The book is split into three distinct sections: Fallibility; Mystery and Uncertainty. The first dealing with medical training and mistakes; the second on what the author describes as the “mysteries and unknowns of medicine”; the final part on uncertainty and how faced in a medical context, but also in a more general context.

The underlining theme probably reduces to how we expect our doctors and surgeons to be infallible, to support us at times of crisis, yet on the other hand but there is an inherent limitation in their capabilities – those limitations can be reduced but never eliminated – such is the nature of life and illness.

That said it’s neither a critical or negative book, far from it. Dr Gawande come across as both honest and engaging in his analysis, and invites a degree of critical thinking by the reader.

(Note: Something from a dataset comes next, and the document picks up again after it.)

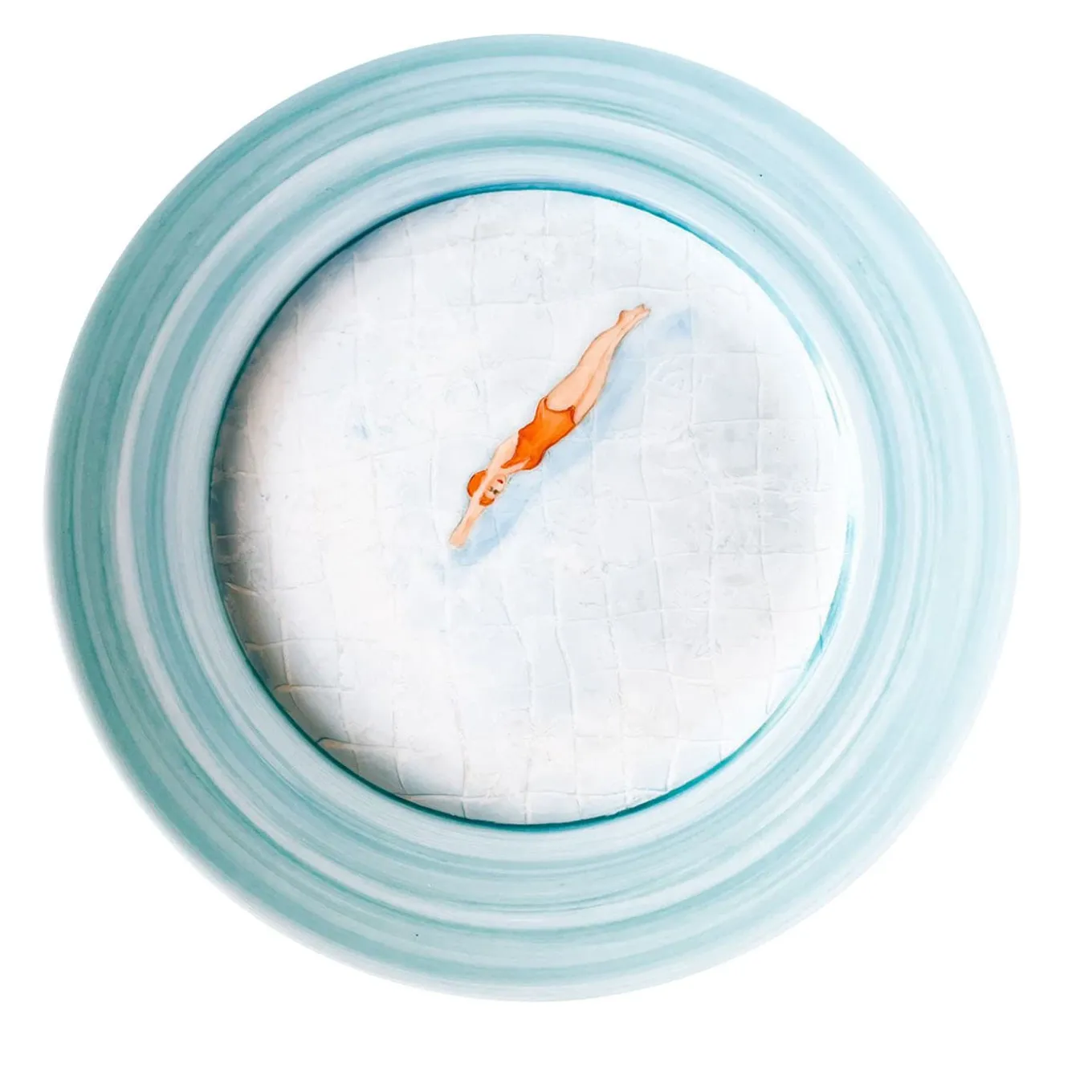 Inspired by la dolce vita on the Capri island during the ’50s and ’60s, this porcelain plate is a piece carefully decorated by hand and indeed unique. The striped turquoise brim, crafted on a lathe, encircles a female figure in the center frozen in the middle of a dive and emerging from a criss-cross surface decorated with nacre luster glazes. It withstands gentle dishwasher settings, but handwashing is recommended.

For any of us who use doctors or get ill – yes, all of us, including Yogis – this is a fascinating discourse. The last chapter is especially interesting, dealing with a case of intuition – a hunch, an outside possibility – which proved right, and critical in his patients treatment. He discusses here not only the medical aspects of the case, along with his intuition, but also intuition in other contexts, citing the example of a fire commander who pulled his crew out of a building on a unexplained instinct, moments before it collapsed. Many of us will recognise that intuition – surprisingly it has come up a number of times in my other career, accountancy; something feeling “not quite right” uncovers a hidden issue. I guess intuition, sixth sense, ESP; all of these and none of these.

In all a readable work, and thought provoking without being overly heavy. Worth a read for any one interested in the human body, medicine, health and well-being.